[WHAT YOU NEED TO DO] In the entries below, find the line with "Avant de poursuivre" and print exactly every line from there up to and including the line with "Isa-Kd is one", with no other lines.

[INPUT RECORDS]
BEGIN

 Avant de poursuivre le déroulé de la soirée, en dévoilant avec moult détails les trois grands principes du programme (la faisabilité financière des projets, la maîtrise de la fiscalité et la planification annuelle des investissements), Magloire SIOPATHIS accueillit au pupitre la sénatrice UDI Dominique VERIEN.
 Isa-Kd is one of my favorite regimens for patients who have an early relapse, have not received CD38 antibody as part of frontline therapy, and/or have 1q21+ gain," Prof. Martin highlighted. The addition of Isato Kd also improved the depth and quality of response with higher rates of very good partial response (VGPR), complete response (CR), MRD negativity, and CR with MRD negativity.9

END
BEGIN

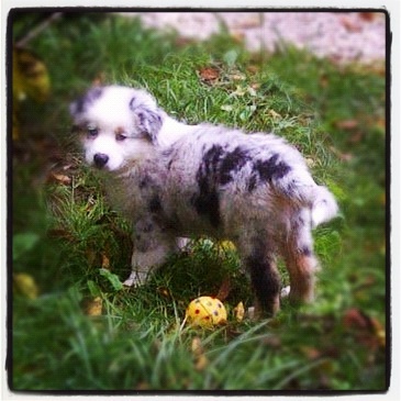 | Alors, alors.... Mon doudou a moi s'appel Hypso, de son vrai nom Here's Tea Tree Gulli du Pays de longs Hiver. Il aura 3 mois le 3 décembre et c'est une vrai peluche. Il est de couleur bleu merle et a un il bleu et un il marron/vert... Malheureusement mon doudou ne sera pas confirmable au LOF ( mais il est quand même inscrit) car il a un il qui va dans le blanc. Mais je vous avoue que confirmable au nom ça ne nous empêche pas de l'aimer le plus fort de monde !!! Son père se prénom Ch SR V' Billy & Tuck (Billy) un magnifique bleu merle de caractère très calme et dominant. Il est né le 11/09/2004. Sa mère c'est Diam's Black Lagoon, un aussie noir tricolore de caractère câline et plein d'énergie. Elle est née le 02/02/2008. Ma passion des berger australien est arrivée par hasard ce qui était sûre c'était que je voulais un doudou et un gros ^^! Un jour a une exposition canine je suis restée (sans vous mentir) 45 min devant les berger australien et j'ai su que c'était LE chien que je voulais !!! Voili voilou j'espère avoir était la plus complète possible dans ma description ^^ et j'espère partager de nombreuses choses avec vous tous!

END
BEGIN

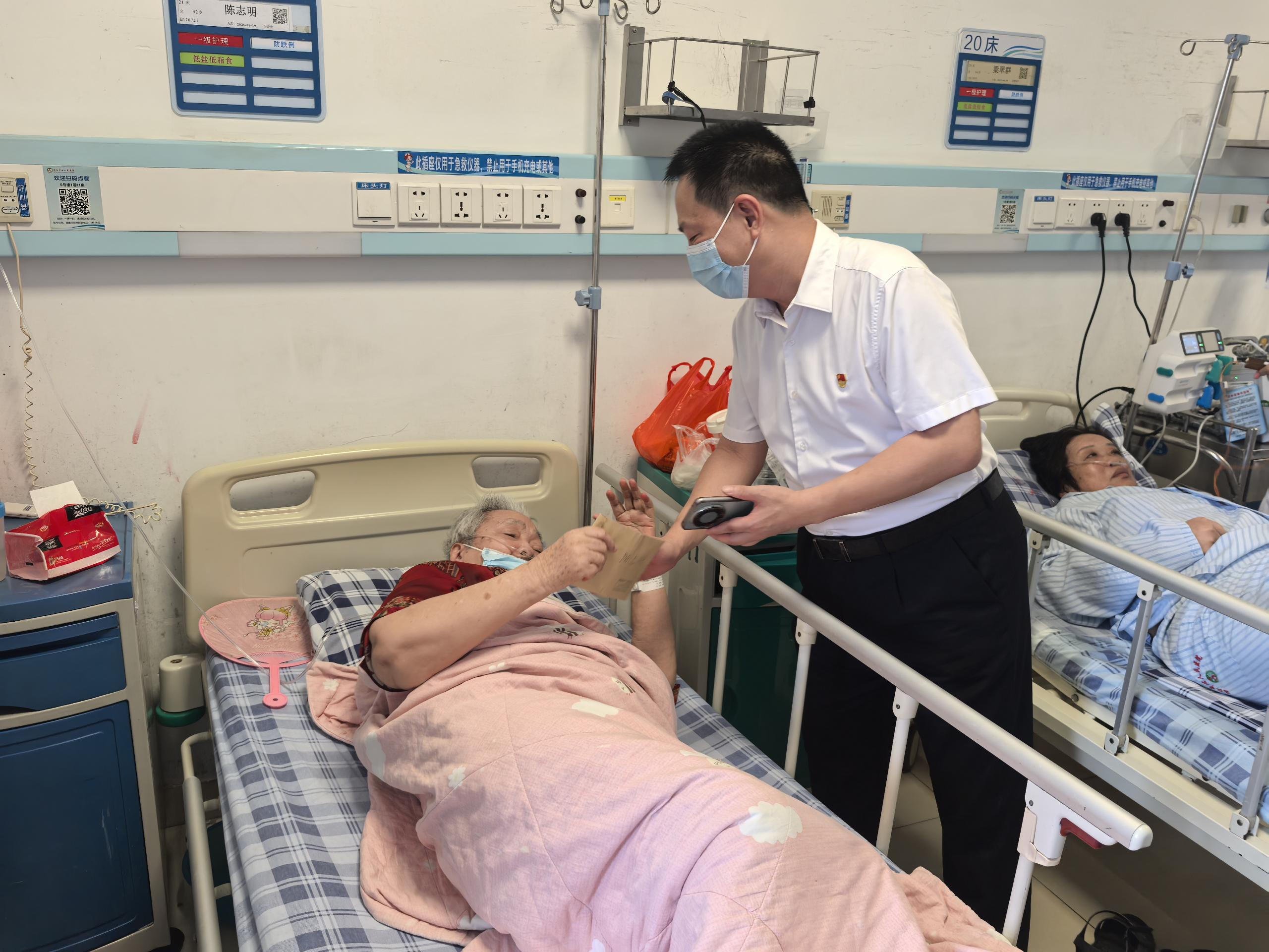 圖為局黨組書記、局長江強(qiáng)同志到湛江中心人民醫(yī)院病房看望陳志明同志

END

[SOLVED PROBLEM]
 Avant de poursuivre le déroulé de la soirée, en dévoilant avec moult détails les trois grands principes du programme (la faisabilité financière des projets, la maîtrise de la fiscalité et la planification annuelle des investissements), Magloire SIOPATHIS accueillit au pupitre la sénatrice UDI Dominique VERIEN.
 Isa-Kd is one of my favorite regimens for patients who have an early relapse, have not received CD38 antibody as part of frontline therapy, and/or have 1q21+ gain," Prof. Martin highlighted. The addition of Isato Kd also improved the depth and quality of response with higher rates of very good partial response (VGPR), complete response (CR), MRD negativity, and CR with MRD negativity.9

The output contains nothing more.